• _YOUR OBJECTIVE_:
Your answer must be the exact lines of the listing below that run from the line with "Al piano terra" to the line with "羊皮版~法式银色平底单鞋女方头内增高玛丽珍鞋芭蕾舞风软底瓢鞋", ends included, and no pictures.

• _GIVEN RECORDS_:
********

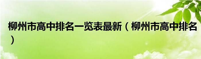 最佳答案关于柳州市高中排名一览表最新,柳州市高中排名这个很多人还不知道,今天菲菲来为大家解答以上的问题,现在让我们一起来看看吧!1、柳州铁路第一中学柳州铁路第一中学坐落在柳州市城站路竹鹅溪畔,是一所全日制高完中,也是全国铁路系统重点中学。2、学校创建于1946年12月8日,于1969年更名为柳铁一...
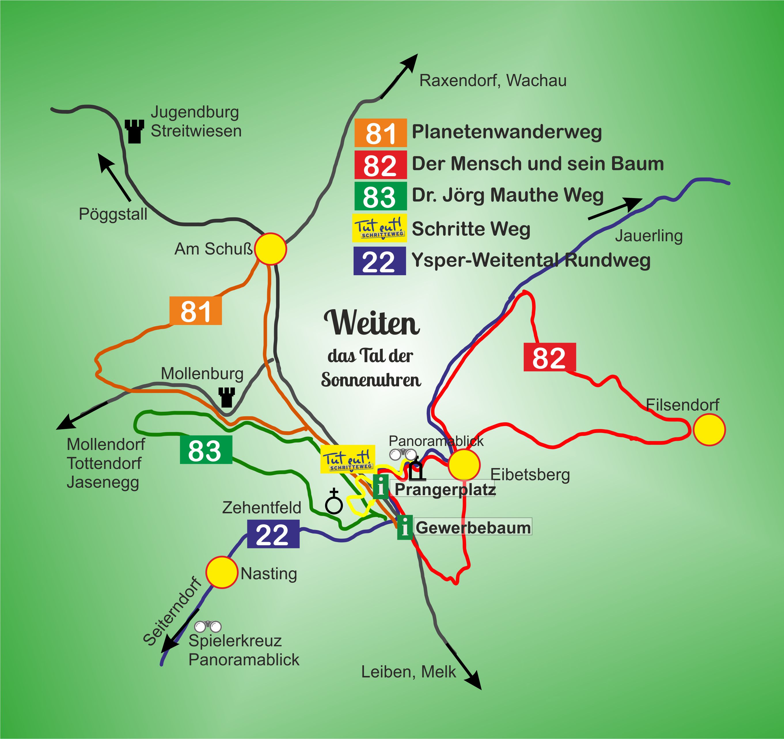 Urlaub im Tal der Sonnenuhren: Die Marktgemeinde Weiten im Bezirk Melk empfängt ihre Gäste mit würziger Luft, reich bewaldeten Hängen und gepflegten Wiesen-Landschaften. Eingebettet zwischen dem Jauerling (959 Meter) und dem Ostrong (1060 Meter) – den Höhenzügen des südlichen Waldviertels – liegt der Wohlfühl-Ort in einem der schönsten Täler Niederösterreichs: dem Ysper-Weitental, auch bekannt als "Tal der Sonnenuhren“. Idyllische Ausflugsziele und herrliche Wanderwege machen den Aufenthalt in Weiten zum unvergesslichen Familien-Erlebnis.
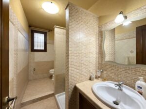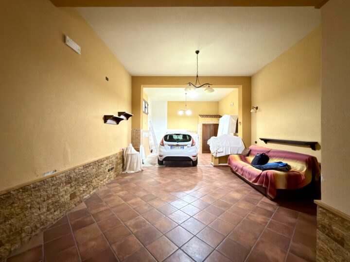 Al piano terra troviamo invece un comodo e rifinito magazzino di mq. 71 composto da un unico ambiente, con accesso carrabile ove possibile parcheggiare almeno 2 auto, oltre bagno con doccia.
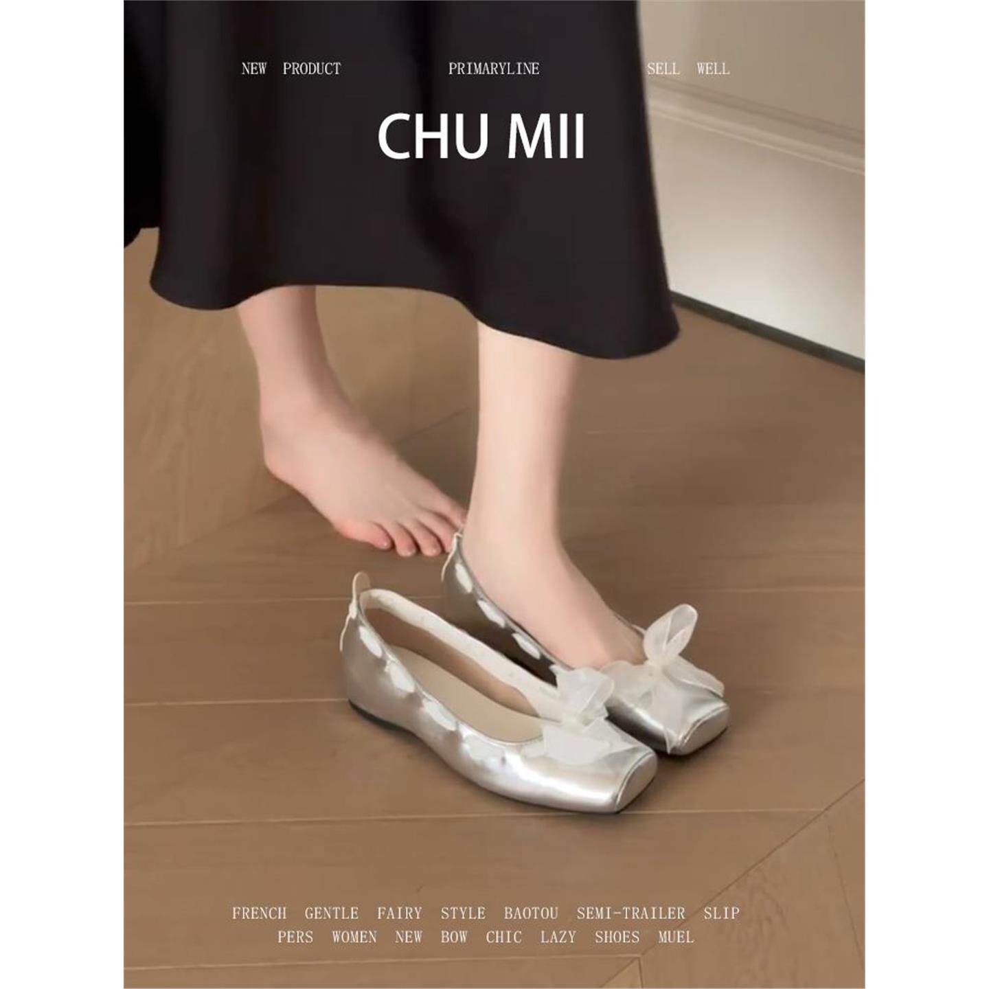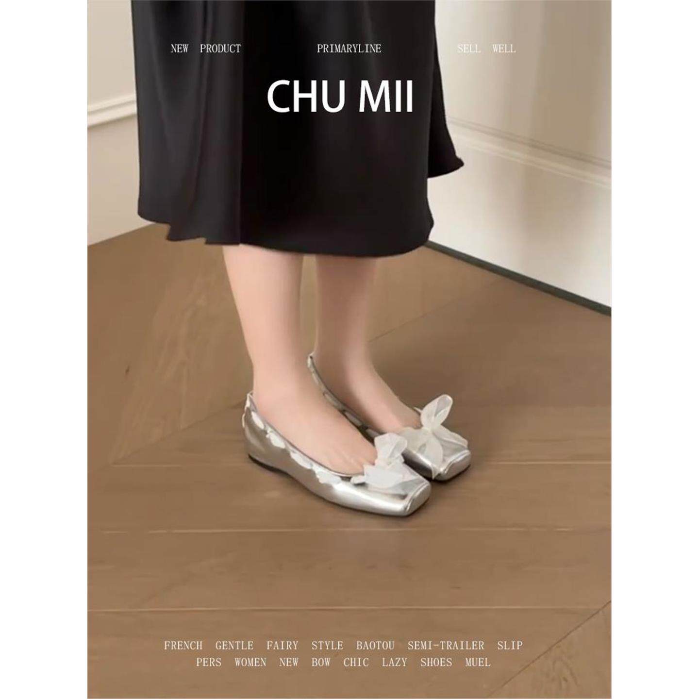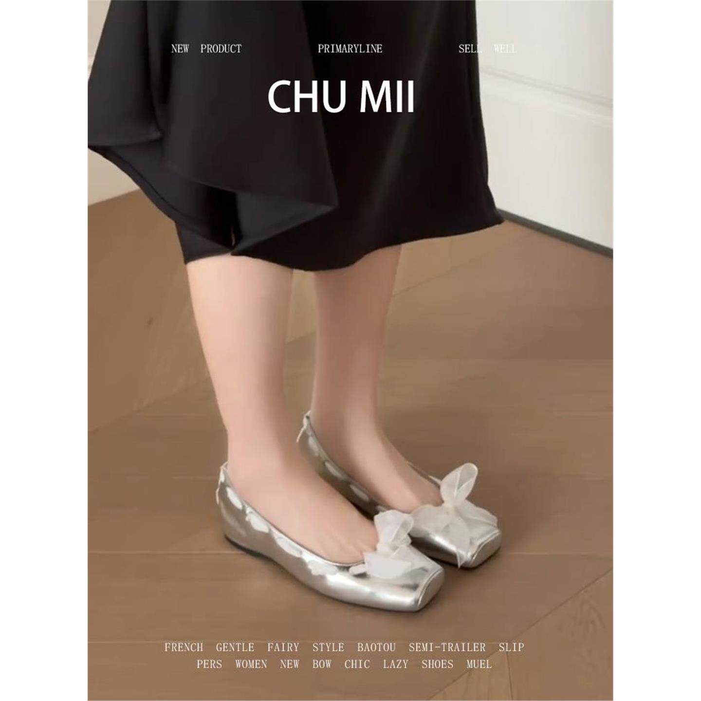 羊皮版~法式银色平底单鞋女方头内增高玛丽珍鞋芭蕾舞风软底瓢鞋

********

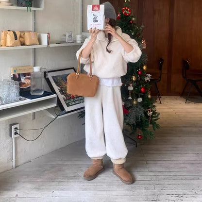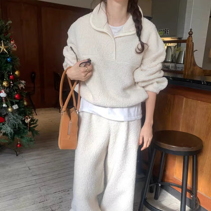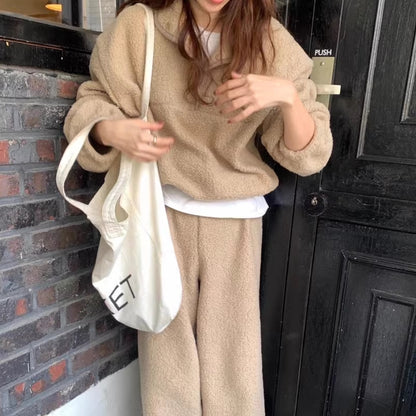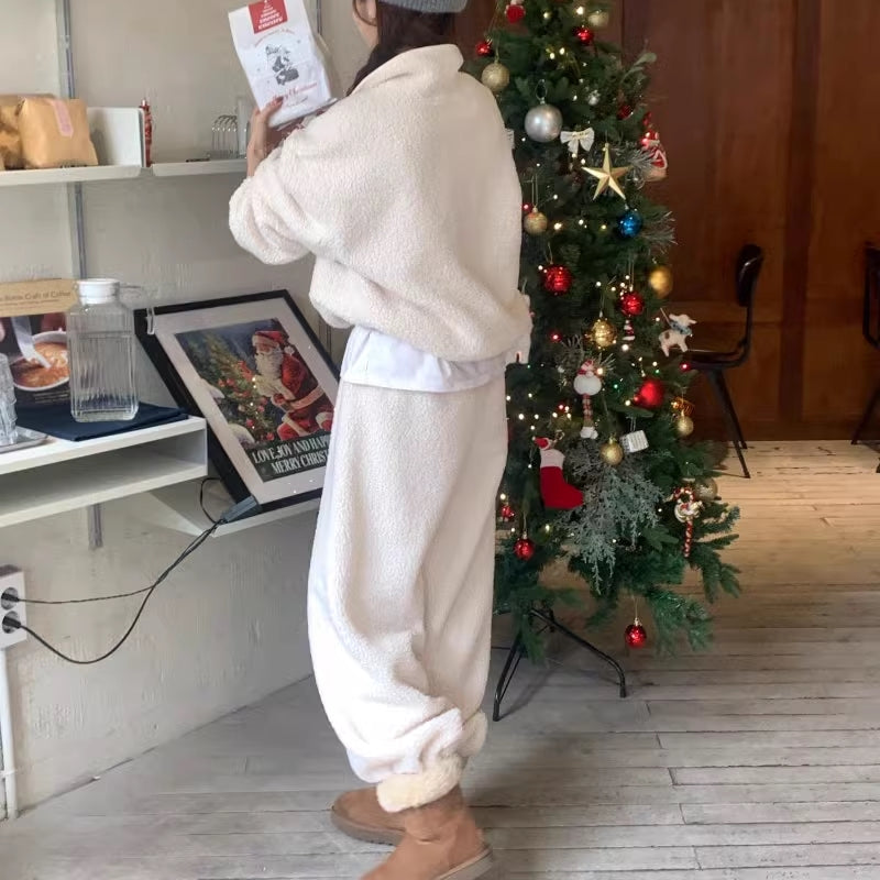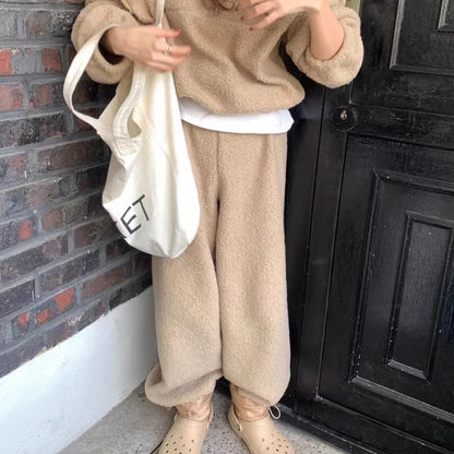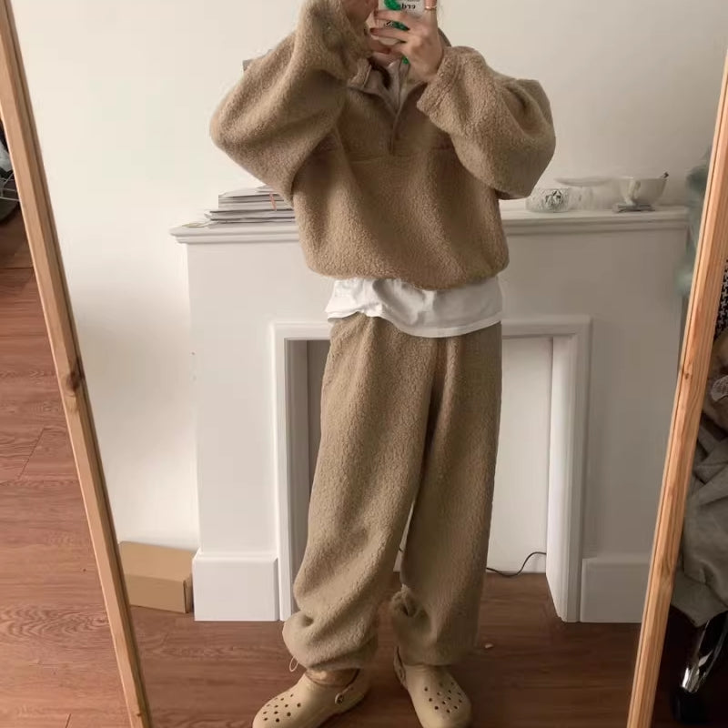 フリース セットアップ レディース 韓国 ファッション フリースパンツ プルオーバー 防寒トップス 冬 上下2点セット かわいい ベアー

********

• _EXERCISE RESULT_:
 Al piano terra troviamo invece un comodo e rifinito magazzino di mq. 71 composto da un unico ambiente, con accesso carrabile ove possibile parcheggiare almeno 2 auto, oltre bagno con doccia.
 羊皮版~法式银色平底单鞋女方头内增高玛丽珍鞋芭蕾舞风软底瓢鞋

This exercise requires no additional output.